Tonic Structural release information

Learn about what’s in the latest Tonic.ai product releases.
v1260
September 9, 2024

File connector - You can now specify a separate IAM role for the output location.

v1259
September 6, 2024

Create sensitivity rule from Database View - When you select the Database View bulk edit option for columns that have the same data type, do not have an assigned generator, and do not have a recommended generator, you now have the option to create a custom sensitivity rule. You can then immediately run a new sensitivity scan to catch matching columns.

Fixed an issue with the JSON Mask generator configuration panel where the example data did not update correctly.

Structural now displays a warning when the pre-job checks determine that the source database is on a newer major version than the destination database.

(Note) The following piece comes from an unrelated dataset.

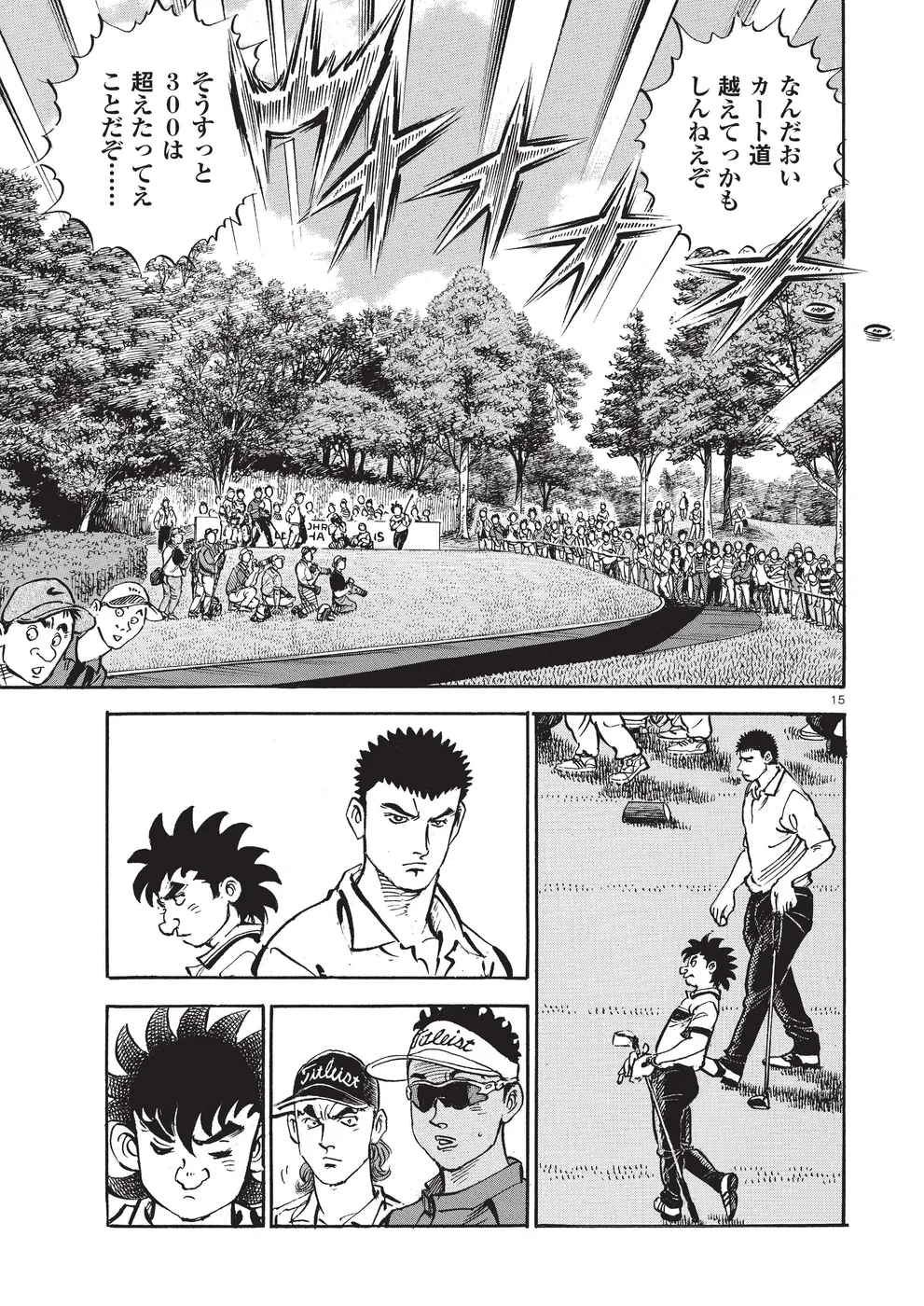 【第72巻あらすじ】ホーライワールドチャンピオンシップに出場した鳴海一丸。招待選手の中には、米国から参戦する元軍人の女子ゴルファー・フォスターがいた。フォスターのキャディを務めるのは競技を引退した鳴海の好敵手・御園聖志だった。初日、フォスターと同組のラウンドとなった鳴海は、御園を意識してしまうのか、マッチプレーのような強引な攻めを続けてしまうが…。

Salesforce - Rewrote the connector algorithm to avoid using sentinels, and to improve subset creation.

v1253
August 27, 2024

The detector for city names now ignores misleading values that are not city names.

v1258
September 6, 2024

Snowflake - Fixed a regression introduced in v1213 that limited table parallelism for all data generations that use the V2 pipeline.

v1257
September 4, 2024

Oracle - Fixed an issue where for subsetting data generation, the Maximum Character Limit was not calculated properly.

v1255
August 29, 2024

Snowflake

  • Fixed an issue where after any row failed to parse, Structural did not process the rest of an unloaded table file.
  • For AWS, added retry support to address some transient issues with Amazon S3.
v1254
August 28, 2024

Bug fixes and other internal updates.

v1252
August 26, 2024

Bug fixes and other internal updates.

v1251
August 26, 2024

Bug fixes and other internal updates.

v1244 - v1250
August 23, 2024

Updated the application to reflect the rename to Tonic Structural. Includes renaming the Tonic Settings view to Structural Settings.

From the Access Management tab of Structural Settings, users with permission to manage Structural access can now restore deleted users.

For a column that is part of a unique compound index, Structural now only suggests generators that can be used for unique columns.

Structural now detects SWIFT codes based on the format of the data in addition to the column name.

Fixed an issue where all subsetting WHERE clauses failed internally.

Databricks

  • On self-hosted instances, you can now configure whether Structural creates the destination database schema for Databricks tables. The environment setting TONIC_DATABRICKS_SKIP_CREATE_DB indicates whether to skip the schema creation. The default is false. The environment setting TONIC_DATABRICKS_ENABLE_WORKSPACE_SKIP_CREATE_DB indicates whether to include the option in the workspace configuration, and use TONIC_DATABRICKS_SKIP_CREATE_DB to determine the default. The default is true. You can add these settings to the Environment Settings list on Structural Settings.
  • When a cluster is resizing, and the workspace is configured with Use Databricks Job Cluster turned off, Structural data generation now waits for the resizing to complete.

File connector

  • Fixed an issue where a copied local files workspace that contained Avro or Parquet files could not be loaded.
  • Structural now supports authentication to Amazon S3 buckets using assumed roles for cross-account access.
  • Fixed an issue where file connector workspaces did not load when they used an Amazon S3 source with environment-based authentication.

Snowflake

  • Fixed a rare subsetting issue where processing a large table could cause the job to hang.
  • Fixed an issue where Structural did not retry transient failures when it read unloaded files from a cloud storage provider.
v1223 - v1227
July 26, 2024

Self-hosted instances can now schedule sensitivity scans to run automatically on a weekly basis. By default, the weekly scans are enabled and run each Sunday at midnight.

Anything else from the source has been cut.